WORK TASK. Please set down only the lines below starting with the line with "CA Operator Console" and going on through the line with "ポルタリングは戦略が重要！ 集中、集中", verbatim and without pictures.

DATA SUPPLIED.
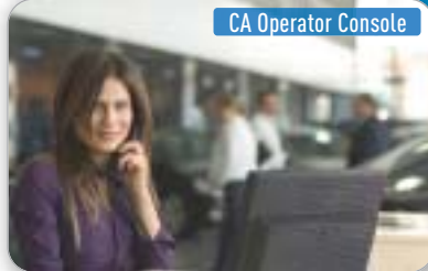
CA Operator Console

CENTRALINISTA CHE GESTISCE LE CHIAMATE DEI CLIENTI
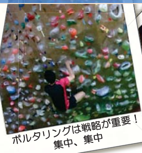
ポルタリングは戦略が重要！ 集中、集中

* * *

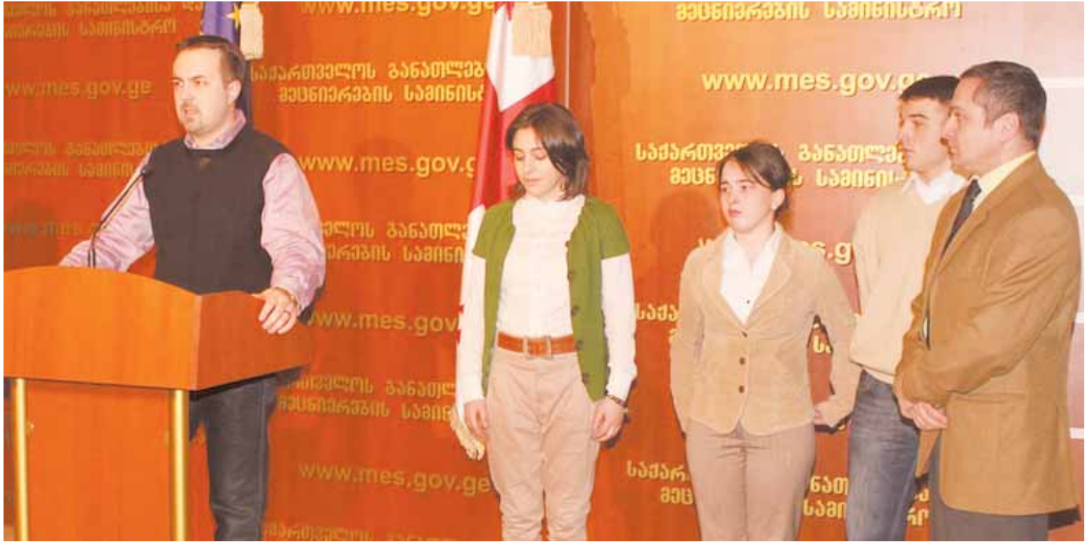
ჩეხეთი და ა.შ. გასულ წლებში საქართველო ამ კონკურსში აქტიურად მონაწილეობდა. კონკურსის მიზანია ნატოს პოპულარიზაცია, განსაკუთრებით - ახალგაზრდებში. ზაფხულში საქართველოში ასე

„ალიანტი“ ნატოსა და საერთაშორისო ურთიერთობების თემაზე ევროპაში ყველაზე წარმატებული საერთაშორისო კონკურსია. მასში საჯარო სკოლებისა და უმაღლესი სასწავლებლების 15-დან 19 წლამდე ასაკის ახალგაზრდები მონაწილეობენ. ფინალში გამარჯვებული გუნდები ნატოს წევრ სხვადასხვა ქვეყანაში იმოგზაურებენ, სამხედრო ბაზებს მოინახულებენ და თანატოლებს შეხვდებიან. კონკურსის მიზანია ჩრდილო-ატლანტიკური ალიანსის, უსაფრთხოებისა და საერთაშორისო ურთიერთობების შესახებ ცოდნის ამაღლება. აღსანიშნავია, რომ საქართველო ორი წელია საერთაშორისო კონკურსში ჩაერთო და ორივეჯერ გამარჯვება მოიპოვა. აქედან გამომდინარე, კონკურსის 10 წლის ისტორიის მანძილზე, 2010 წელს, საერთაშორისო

ANSWER SECTION.
CA Operator Console

CENTRALINISTA CHE GESTISCE LE CHIAMATE DEI CLIENTI
ポルタリングは戦略が重要！ 集中、集中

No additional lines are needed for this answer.